Das birgt die Chance einer "gerechteren" Ordnung, aber auch neue
Unsicherheiten. Nirgends zeigt sich dieser Prozess besser als in der
Welthandelsorganisation. Keine andere globale Institution gibt den
einzelnen Ländern so viel Mitsprache, keine andere hat nur annähernd
solche Resultate erbracht. Gerade deshalb (und nicht aus ihrer Schwäche
heraus) kommt die Organisation aber auch nur so mühsam voran: Weil jedes
neue Handelsabkommen tatsächlich Folgen in den Unterzeichnerländern hat,
ob für bayrische Milchbauern oder bangladeschische Näherinnen. Weil es
nicht so rasch verpufft wie eine G-8-Erklärung.

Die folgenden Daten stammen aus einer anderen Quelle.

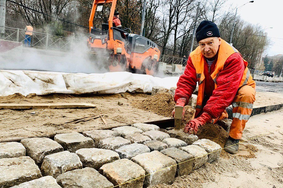 На ремонтируемом участке ул. Киевской идёт укладка временной брусчатки, которую позже должны убрать. Сейчас городские власти готовятся открыть техническое движение

Während die G8 und die Bretton-Woods-Schwestern IWF und Weltbank ihren
Einfluss schwinden sehen, gibt die Welthandelsorganisation der globalen
Ökonomie so tatsächlich einen Rahmen. Sogar einen, der Sanktionen
bereithält für Staaten, die gegen die Spielregeln verstoßen. Mehr noch:
Die Integration der Weltwirtschaft und ein stetig wachsender Welthandel
graben an den Fundamenten der G8. Sie engen den Gestaltungsspielraum der
Staats- und Regierungschefs ein, global wie national.

Ist es zu viel verlangt, sich mit der eigenen Schwäche zu befassen? Den
G-8-Staaten würde rasch klar werden, dass sie den Einfluss ihres
Gremiums nur retten werden, wenn sie Dissens zulassen statt zwanghaft
Formelkompromisse zu schmieden, wenn sie sich obendrein für weitere
Staaten öffnen. Und Weltbank und IWF werden nicht darum herumkommen,
sich zu demokratisieren, wollen sie ihren Einfluss behalten. Millionen
Arbeitnehmer haben in den vergangenen Jahren lernen müssen, dass
Globalisierung ihnen Flexibilität abverlangt. Die Institutionen der
globalen Wirtschaft haben diese Lektion noch vor sich.